■ WORK INSTRUCTION
Where an entry holds an image, leave the image out; otherwise reproduce the entry exactly.

■ INPUT
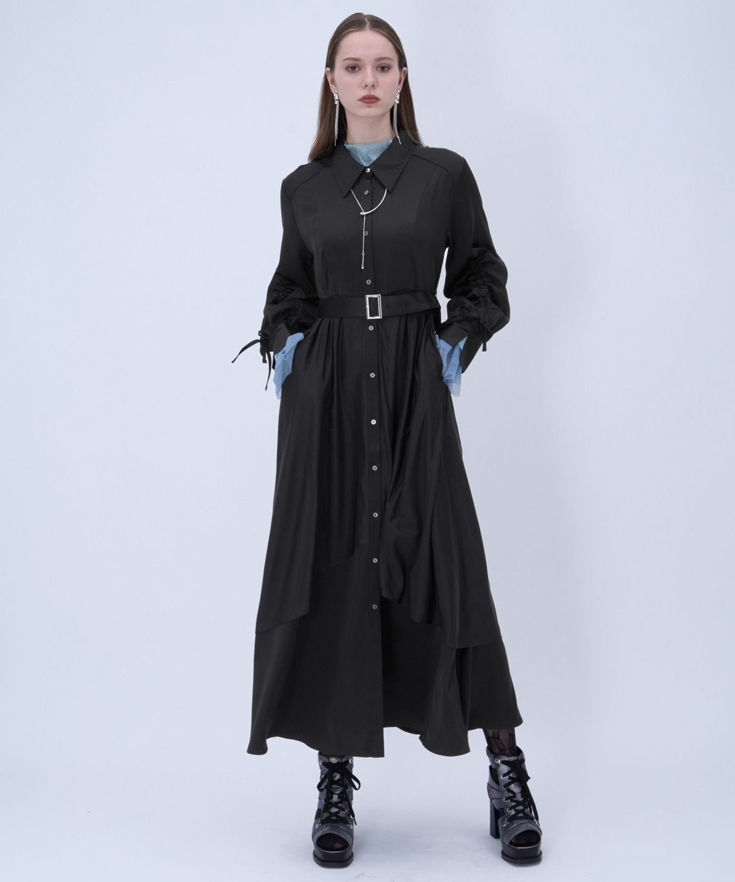□Пояс из того же материала также прикреплен к талии, чтобы вы могли подчеркнуть ее.
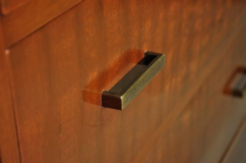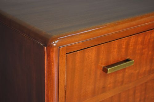 Die Schubladenfronten sind mit Mahagoni mit feiner Maserung furniert.
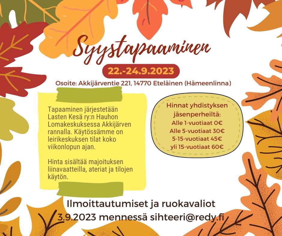 Syystapaaminen järjestetään Lasten Kesä:ryn Hauhon lomakeskuksessa Akkijärven rannalla. Tiedossa on mukavaa yhdessäoloa ja vertaistukea.
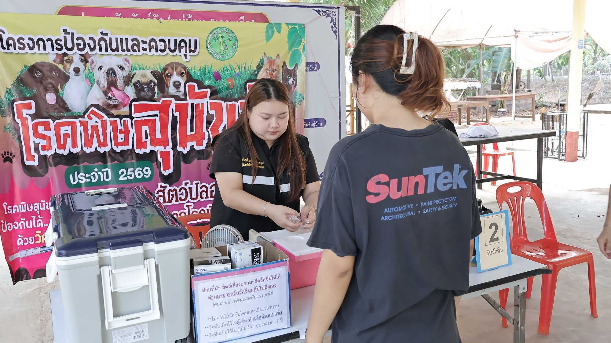อบต.ประจันตคามออกให้บริการฉีดวัคซีนป้องกันโรคพิษสุนัขบ้า
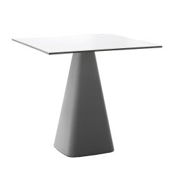 Mesa de diseño perfecta para decorar la zona de comedor de la terraza o el exterior de bares y restaurantes. Su forma es sencilla y moderna: una pirámide troncocónica de aristas redondeadas sobre la que se apoya la fina tapa.
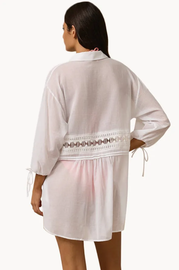 Monte & Lou M&L Newport Shirt in White offers a relaxed fit, long sleeves with adjustable tie, pintuck detail with trim inserts, and is available in sizes XS-L.
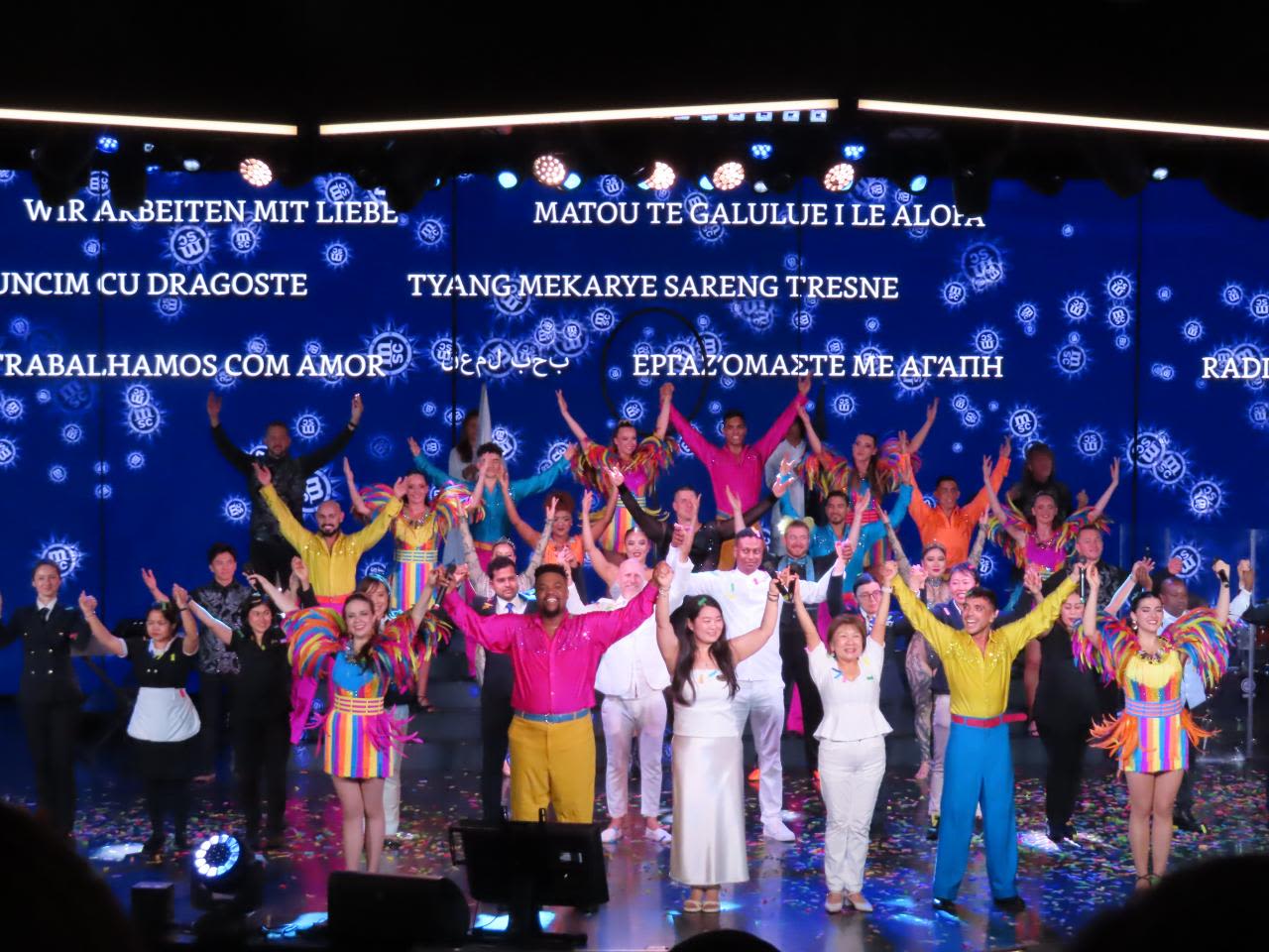 劇場での夜のショーを観るには一般客は長蛇の列に並ばなくてはいけないが、ヨットクラブの乗客は黒服のバトラーに付き添われて予約なしで専用席で観ることができる。

■ ANSWER TO THE PROBLEM
□Пояс из того же материала также прикреплен к талии, чтобы вы могли подчеркнуть ее.
 Die Schubladenfronten sind mit Mahagoni mit feiner Maserung furniert.
 Syystapaaminen järjestetään Lasten Kesä:ryn Hauhon lomakeskuksessa Akkijärven rannalla. Tiedossa on mukavaa yhdessäoloa ja vertaistukea.
อบต.ประจันตคามออกให้บริการฉีดวัคซีนป้องกันโรคพิษสุนัขบ้า
 Mesa de diseño perfecta para decorar la zona de comedor de la terraza o el exterior de bares y restaurantes. Su forma es sencilla y moderna: una pirámide troncocónica de aristas redondeadas sobre la que se apoya la fina tapa.
 Monte & Lou M&L Newport Shirt in White offers a relaxed fit, long sleeves with adjustable tie, pintuck detail with trim inserts, and is available in sizes XS-L.
 劇場での夜のショーを観るには一般客は長蛇の列に並ばなくてはいけないが、ヨットクラブの乗客は黒服のバトラーに付き添われて予約なしで専用席で観ることができる。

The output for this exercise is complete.